In Fig. 9, we shift our attention to the CP features for this region of the structure with other Al2 channel occupation patterns. In our next model [Fig. 9(b), Model 3], Al atoms are placed on every other Al2b site. One large positive CP is present on each of these atoms, oriented towards the nearest Fe neighbor. Although the Al2b site has shifted from the center of the channel (where the Al2a atoms are held) in response to this Fe atom, the growth of negative Al–Al CPs appears to prevent full relief of the Fe–Al positive CP. As in the previous model (Fig. 9a), negative CPs are also directed perpendicular to the Fe–Al contacts, with a substantial component along the direction of diffuse electron density in the experimental structure.

Figure 9 DFT-CPs underlying channel formation in Fe2Al5. The CPs experienced by the Fe and Al2 atom sites are shown in three ordered models: (a) Model 2, (b) Model 3 and (c) Model 1. A persistent feature is the presence of negative CP along the Al2 channel.

The role of the Al2c site in the structural solution as a bridge between the Al2a and Al2b sites is reflected by its CP scheme in the more complicated superstructure of Model 1 (Fig. 9c), where 5/16 of the Al2c sites are occupied. Yet again, strong positive CPs are directed towards the nearest Fe neighbors, while negative CPs are directed along the local path of the channel, and the distribution appears as an intermediate between the Al2a and Al2b CP schemes.

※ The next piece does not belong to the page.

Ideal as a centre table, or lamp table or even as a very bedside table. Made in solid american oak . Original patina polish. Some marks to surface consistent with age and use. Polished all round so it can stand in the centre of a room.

In all three models, then, the placement of perpendicular positive and negative CP lobes on the Al2 atoms produces a feature strongly correlated with soft phonon modes, a CP quadrupole. Intriguingly, these motions would tend to guide the Al2a site into the Al2b site (via the Al2c site) and vice versa. Such a path is emphasized in Fig. 10, where Al2 CPs from these three models are plotted within an isosurface of the Fourier electron density for this region from the experimental diffraction data. The negative pressure features of the CP distributions align closely with the continuous path of the electron density, hinting at easy diffusion of Al atoms along the channel between the Fe zigzag chains. This scheme also provides a rationale for the facile motions of Al atoms along these channels observed in earlier phonon calculations (Mihalkovič & Widom, 2012).

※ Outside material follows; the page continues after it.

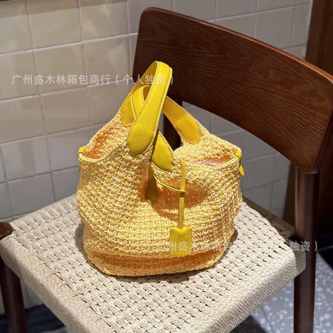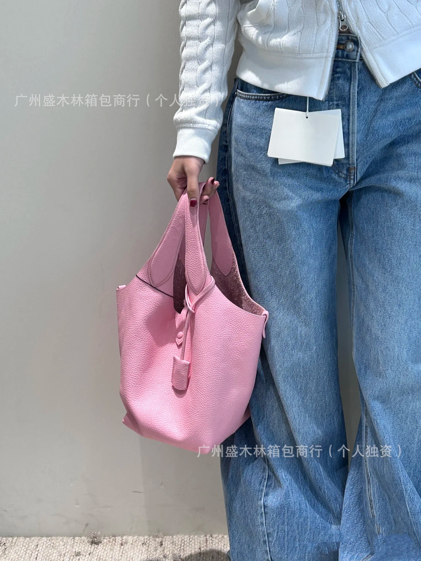 크로스보더 2025 러프바구니 올드머니 스타일 버킷백 1층 소가죽 휴대용 숄더 크로스바디 여성용 가방 [버전]

Figure 10 Placement of the Al2 CP distributions from the various ordered models within the experimental Fe2Al5 structure. A Fourier electron-density isosurface for the disordered region is shown for ρ = 5.0 e Å−3.

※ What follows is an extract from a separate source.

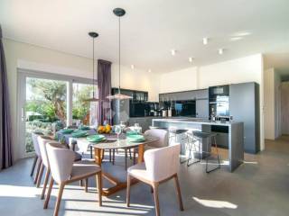 The entire villa stands out with its refined design, high-quality modern furniture, and carefully selected materials. It is equipped with underfloor heating via heat pump and air conditioning in all rooms. There are three parking spaces available.
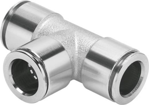 This is push-in T-connector manufactured by Festo. The manufacturer part number is NPQM-T-Q4-E-P10.

Overall, the CP distributions of these ordered models of Fe₂Al₅ reveal CP quadrupoles on the Al2 sites which describe an undulating path along c. When we recall that optimizing the bonding scheme of this compound requires nonstoichiometry on the Al sublattice, this region of the structure appears ideally suited to accommodate it. The lack of a clear preference for any particular positioning of the Al atoms within the channel, except to maximize Fe–Al distances, anticipates the weak positional order along it. The ease with which atoms move along the path also means that they would have little trouble shifting in response to the addition or removal of another Al atom in the channel, accounting for the observed compositional range of the phase.